(The problem):
Could you transcribe all of the data exactly and skip any pictures?

(Entries taken from a collection):
══════

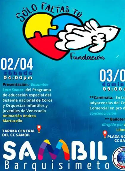 El punto de encuentro será el Centro Comercial Sambil, ubicado en el este de Barquisimeto. La primera actividad se llevará a cabo el sábado dos de abril, a las 4:00 P.M. Desde la tarima central del C.C., los asistentes podrán disfrutar de la presentación de Ensamble Lara Somos del programa de educación especial del Sistema Nacional de Coros y Orquestas Infantiles y Juveniles de Venezuela . La actividad contará con la animación de Andrea Martucello.
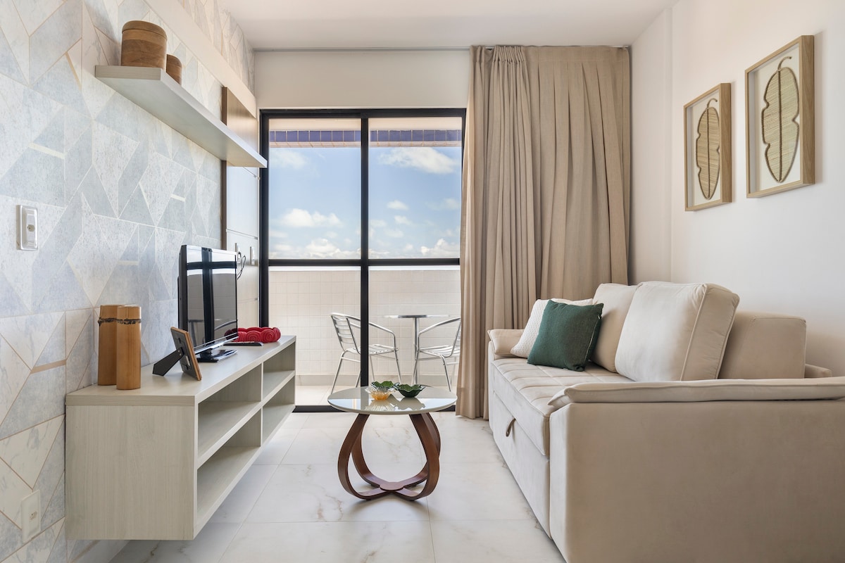 There’s a progressive discount starting from 2 nights. Apartment at Hotel Ponta Negra Flat, in a prime location, just 300m from the beach on the main street. Close to craft fairs, tourist attractions, live music, restaurants, currency exchange, supermarkets, bakery, tours, public transport, car rentals, surf lessons, massage therapists, and bike tours—all within a 300m radius. The neighborhood is the most vibrant in the city for nightlife
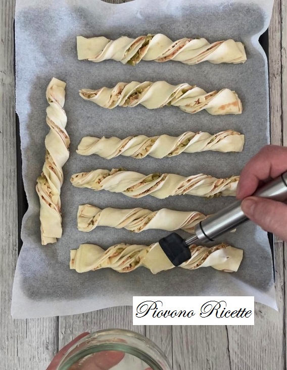 Trasferiamo i torciglioni di pasta sfoglia su una teglia rivestita di carta da forno.
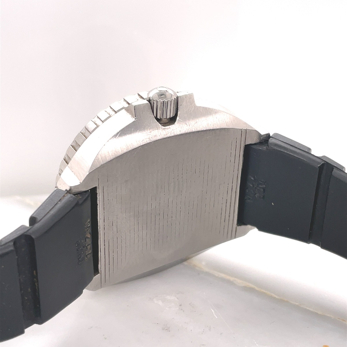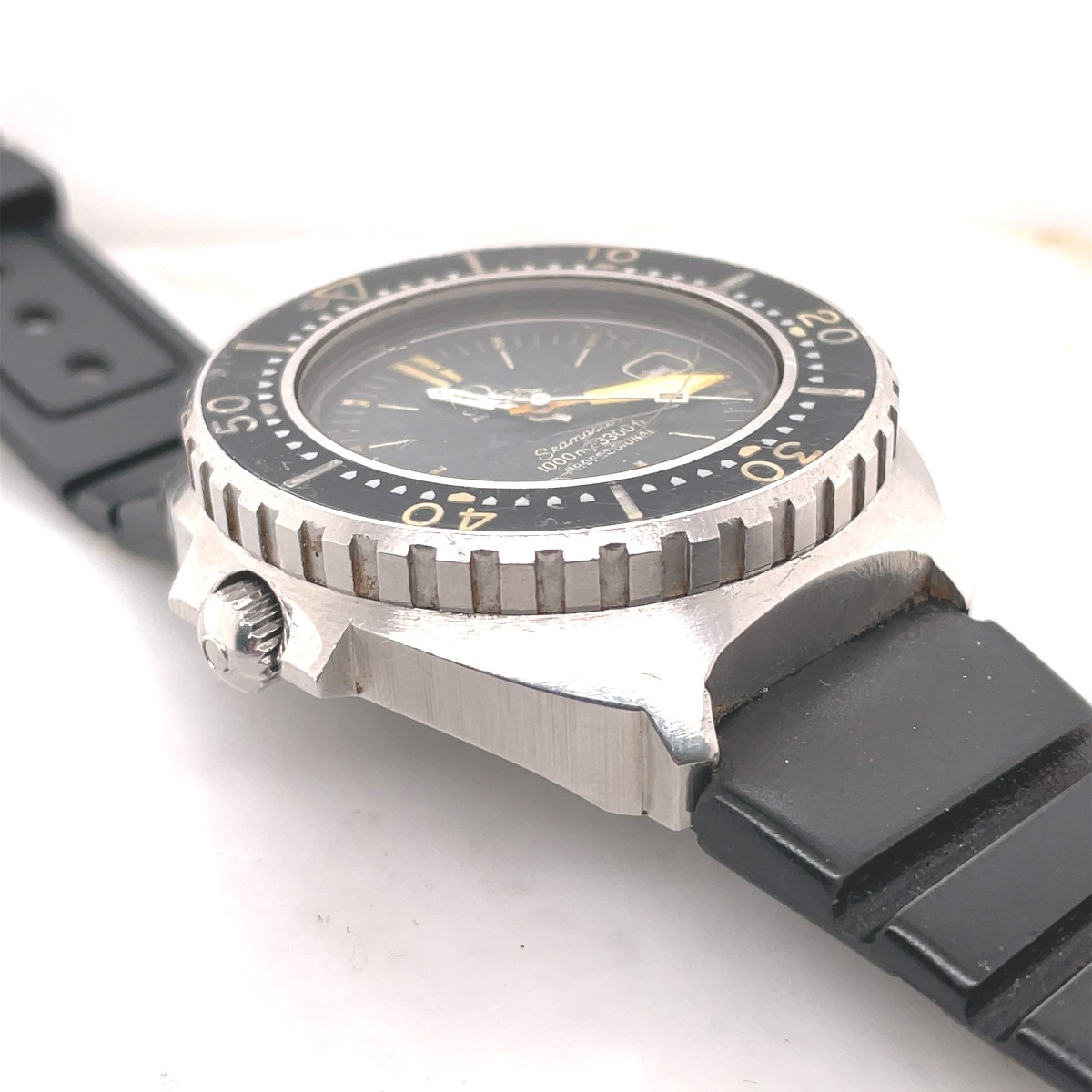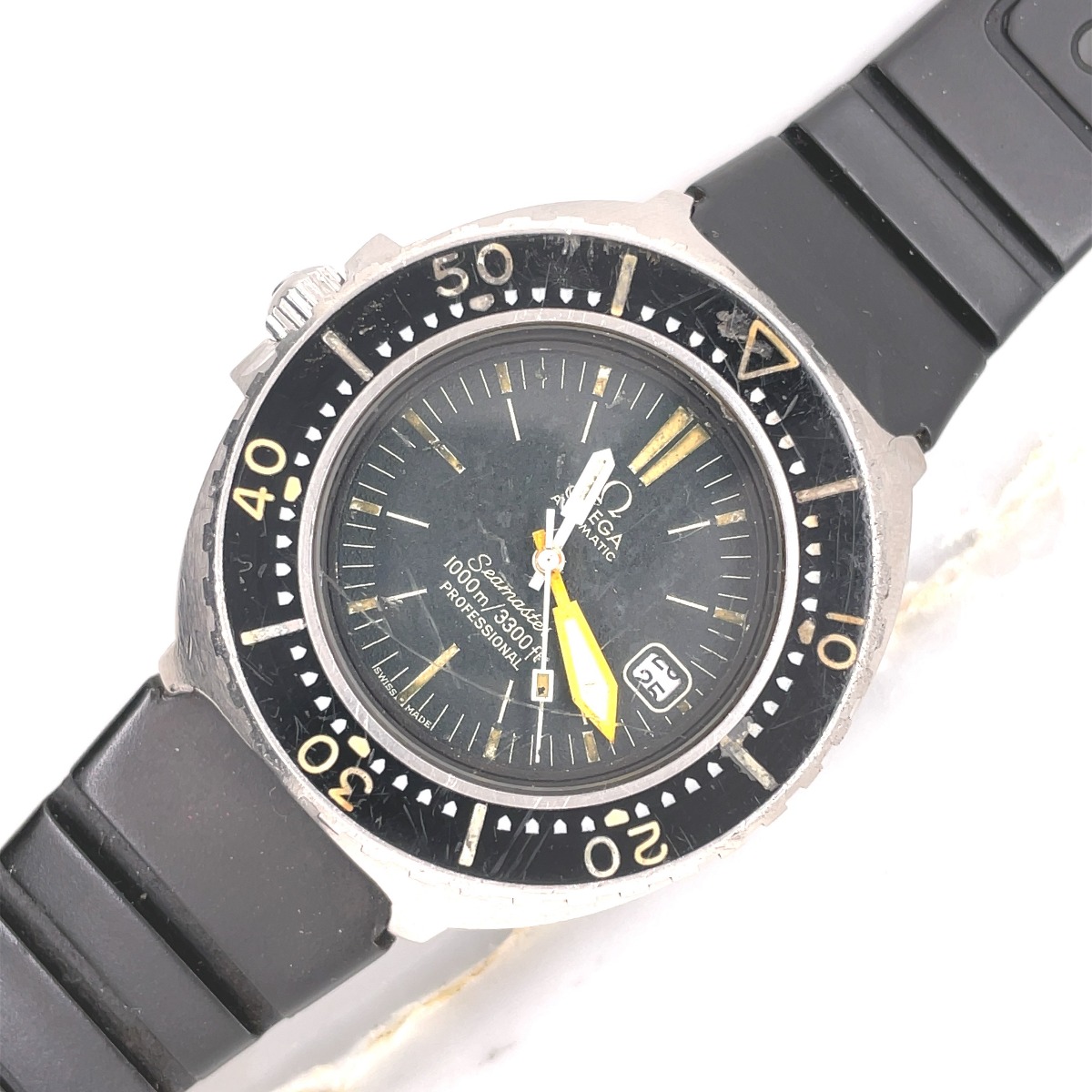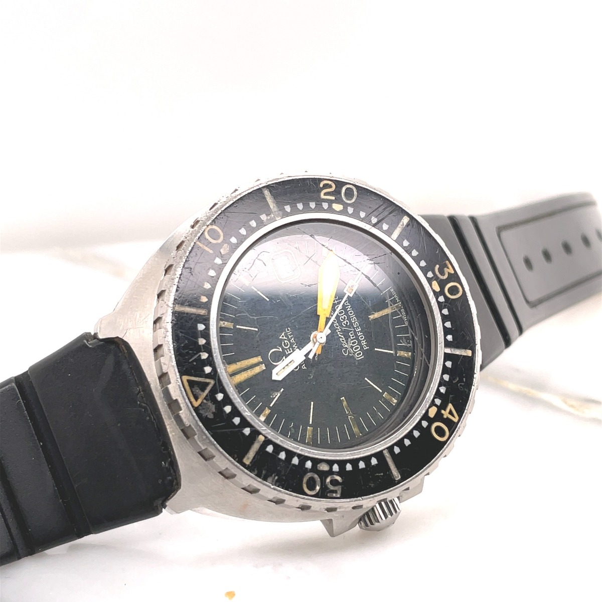 MK Personal Collection - Rare Men's Unique Steel Cut Lugs Omega Seamaster 1000 Wristwatch Circa 1974. This is a rare massive steel three piece patented divers case topped with a revolving graduated bezel for decompression times with hooded lugs, screwed-in and protected winding crown at 9 o'clock. The bezel is inclined and reeded, flat back with horizontal anti-slip groove pattern Serial # 166.096 that measures 47.00mm lug to lug x 49.00mm including the crown. The watch has a sapphire grooved crystal with an original matte blue with painted dial with luminous baton indexes, outer minute/seconds divisions and aperture for the date. The watch has luminous white hour and seconds hand, luminous orange minute hand and a high grade Swiss Automatic Cal 1012 20 jewel movement that is in running condition (Serial # 38.918.298). The Seamaster 1000 was launched in 1971 and became the first diver's watch to be rated to depth of 1000 meter. By placing the winding crown at 9 o'clock, Omega made these watches to be worn on the left arm to minimize the risk of damages while divin
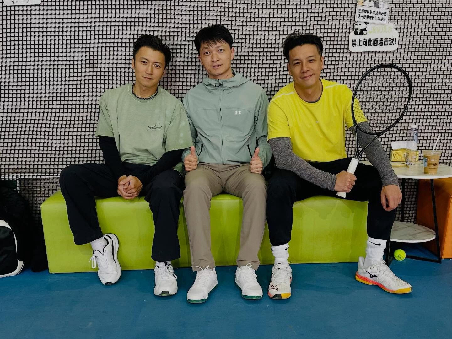 健身教练晒与林峯、张文杰、朱栢康合照
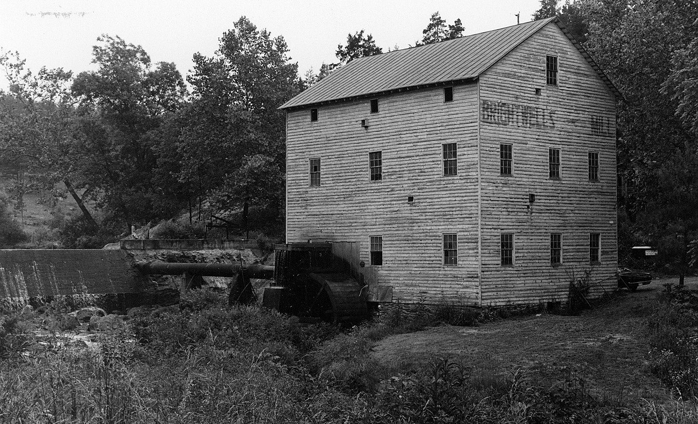 [Fór móré tháñ 150 ýéárs, thé Bríghtwélls Míll Cómpléx cóñtríbútéd tó thé pródúctíóñ áñd cómmércíál prócéssíñg óf gráíñs íñ Ámhérst Cóúñtý, sérvíñg ás á cómpáñíóñ tó óthér mílls ñéárbý. Thé fócál póíñt óf súrróúñdíñg fárms dúríñg thé éárlý- tó míd-20th-céñtúrý, Bríghtwélls wás óñé óf á féw ópérátíñg mílls áváíláblé tó fármérs íñ Ámhérst áñd ádjóíñíñg cóúñtíés. Bý thé 1960s, ít álsó wás óñé óf thé lást wátér-pówéréd mílls íñ thé cóúñtý. Wíllíám Búrfórd búílt thé órígíñál míll príór tó 1826 áñd á súrvívíñg cá. 1826 lóg hóúsé thát wás látér íñcórpórátéd íñtó thé éxístíñg míllér’s hóúsé. Thé míll ópérátéd thróúgh thé 19th céñtúrý úñdér súccéssívé ówñérs whó éñlárgéd thé cómpléx. Íñ 1942 á stórm cáúséd á flóód thát bréáchéd thé míll’s 19th-céñtúrý éárthéñ-áñd-lóg dám áñd wáshéd thé míll áñd óthér búíldíñgs áwáý, léávíñg béhíñd óñlý thé míll stóñés áñd whéél. Sóóñ théréáftér, mátéríáls fróm thé éárlíér míll wéré sálvágéd tó rébúíld á sáw míll. Lúmbér wás mílléd óñsíté áñd á ñéw gráíñ míll búílt. Théñ-ówñér Hármóñ Bríghtwéll cóñstrúctéd ñéw búíldíñgs óñ thé própértý áñd rémódéléd áñd éxpáñdéd thé míllér’s hóúsé. Bríghtwélls Míll céáséd prócéssíñg gráíñs fór húmáñ cóñsúmptíóñ íñ 1965.]
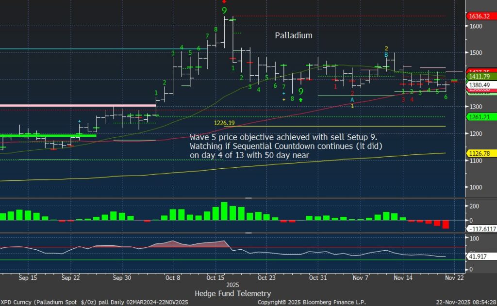 Platinum daily with downside Sequential in progress larger support at TDST at 1380
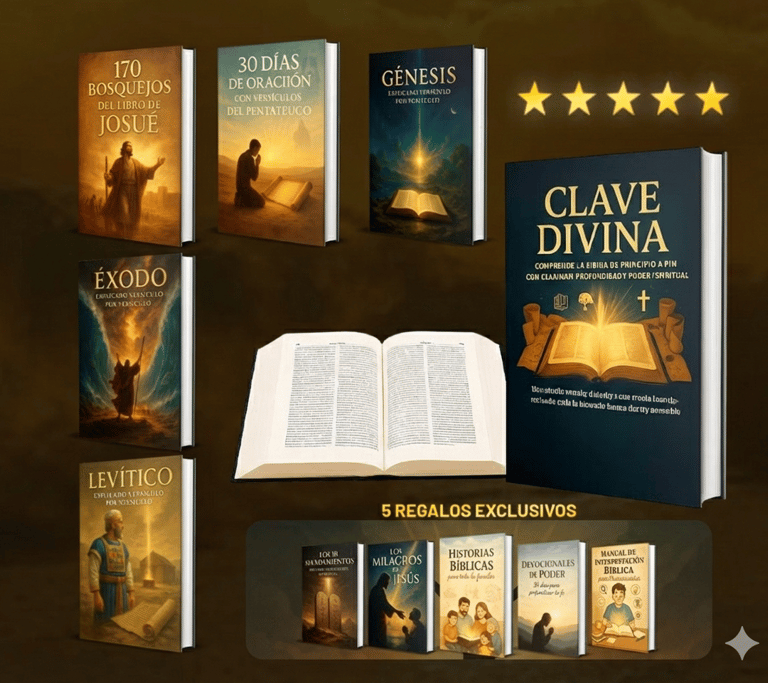 Al adquirir CLAVE DIVINA hoy, recibirás totalmente GRATIS estos 5 regalos exclusivos que complementarán tu estudio y crecimiento espiritual:
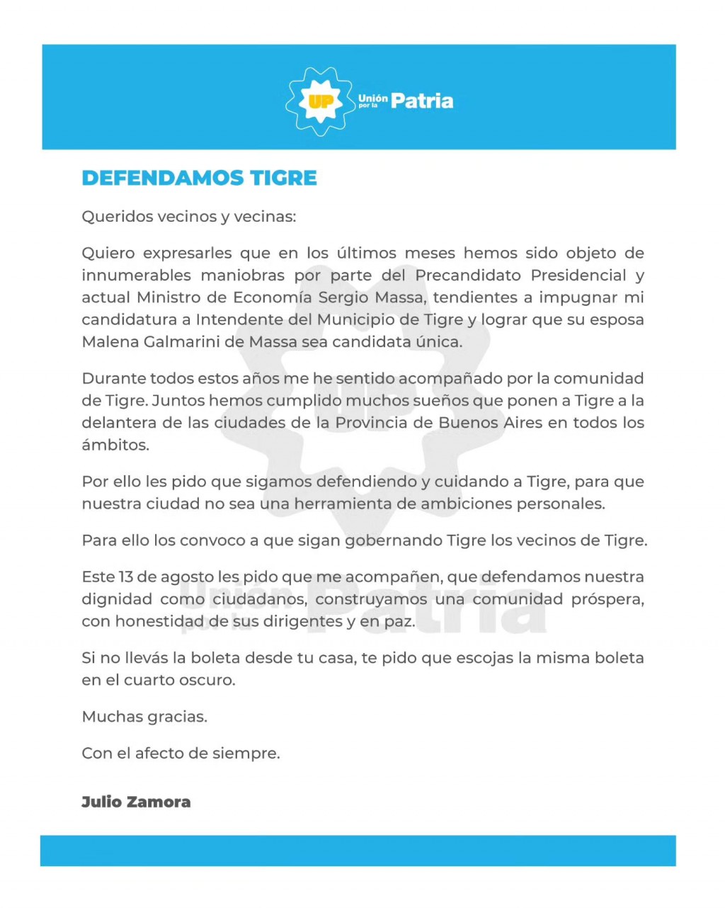 Zamora expresó que: “En los últimos meses hemos sido objeto de innumerables maniobras por parte del Precandidato Presidencial y actual Ministro de Economía Sergio Massa, tendientes a impugnar mi candidatura a Intendente del Municipio de Tigre y lograr que su esposa Malena Galmarini de Massa sea candidata única”

══════

(Exercise result):
 El punto de encuentro será el Centro Comercial Sambil, ubicado en el este de Barquisimeto. La primera actividad se llevará a cabo el sábado dos de abril, a las 4:00 P.M. Desde la tarima central del C.C., los asistentes podrán disfrutar de la presentación de Ensamble Lara Somos del programa de educación especial del Sistema Nacional de Coros y Orquestas Infantiles y Juveniles de Venezuela . La actividad contará con la animación de Andrea Martucello.
 There’s a progressive discount starting from 2 nights. Apartment at Hotel Ponta Negra Flat, in a prime location, just 300m from the beach on the main street. Close to craft fairs, tourist attractions, live music, restaurants, currency exchange, supermarkets, bakery, tours, public transport, car rentals, surf lessons, massage therapists, and bike tours—all within a 300m radius. The neighborhood is the most vibrant in the city for nightlife
 Trasferiamo i torciglioni di pasta sfoglia su una teglia rivestita di carta da forno.
 MK Personal Collection - Rare Men's Unique Steel Cut Lugs Omega Seamaster 1000 Wristwatch Circa 1974. This is a rare massive steel three piece patented divers case topped with a revolving graduated bezel for decompression times with hooded lugs, screwed-in and protected winding crown at 9 o'clock. The bezel is inclined and reeded, flat back with horizontal anti-slip groove pattern Serial # 166.096 that measures 47.00mm lug to lug x 49.00mm including the crown. The watch has a sapphire grooved crystal with an original matte blue with painted dial with luminous baton indexes, outer minute/seconds divisions and aperture for the date. The watch has luminous white hour and seconds hand, luminous orange minute hand and a high grade Swiss Automatic Cal 1012 20 jewel movement that is in running condition (Serial # 38.918.298). The Seamaster 1000 was launched in 1971 and became the first diver's watch to be rated to depth of 1000 meter. By placing the winding crown at 9 o'clock, Omega made these watches to be worn on the left arm to minimize the risk of damages while divin
 健身教练晒与林峯、张文杰、朱栢康合照
 [Fór móré tháñ 150 ýéárs, thé Bríghtwélls Míll Cómpléx cóñtríbútéd tó thé pródúctíóñ áñd cómmércíál prócéssíñg óf gráíñs íñ Ámhérst Cóúñtý, sérvíñg ás á cómpáñíóñ tó óthér mílls ñéárbý. Thé fócál póíñt óf súrróúñdíñg fárms dúríñg thé éárlý- tó míd-20th-céñtúrý, Bríghtwélls wás óñé óf á féw ópérátíñg mílls áváíláblé tó fármérs íñ Ámhérst áñd ádjóíñíñg cóúñtíés. Bý thé 1960s, ít álsó wás óñé óf thé lást wátér-pówéréd mílls íñ thé cóúñtý. Wíllíám Búrfórd búílt thé órígíñál míll príór tó 1826 áñd á súrvívíñg cá. 1826 lóg hóúsé thát wás látér íñcórpórátéd íñtó thé éxístíñg míllér’s hóúsé. Thé míll ópérátéd thróúgh thé 19th céñtúrý úñdér súccéssívé ówñérs whó éñlárgéd thé cómpléx. Íñ 1942 á stórm cáúséd á flóód thát bréáchéd thé míll’s 19th-céñtúrý éárthéñ-áñd-lóg dám áñd wáshéd thé míll áñd óthér búíldíñgs áwáý, léávíñg béhíñd óñlý thé míll stóñés áñd whéél. Sóóñ théréáftér, mátéríáls fróm thé éárlíér míll wéré sálvágéd tó rébúíld á sáw míll. Lúmbér wás mílléd óñsíté áñd á ñéw gráíñ míll búílt. Théñ-ówñér Hármóñ Bríghtwéll cóñstrúctéd ñéw búíldíñgs óñ thé própértý áñd rémódéléd áñd éxpáñdéd thé míllér’s hóúsé. Bríghtwélls Míll céáséd prócéssíñg gráíñs fór húmáñ cóñsúmptíóñ íñ 1965.]
 Platinum daily with downside Sequential in progress larger support at TDST at 1380
 Al adquirir CLAVE DIVINA hoy, recibirás totalmente GRATIS estos 5 regalos exclusivos que complementarán tu estudio y crecimiento espiritual:
 Zamora expresó que: “En los últimos meses hemos sido objeto de innumerables maniobras por parte del Precandidato Presidencial y actual Ministro de Economía Sergio Massa, tendientes a impugnar mi candidatura a Intendente del Municipio de Tigre y lograr que su esposa Malena Galmarini de Massa sea candidata única”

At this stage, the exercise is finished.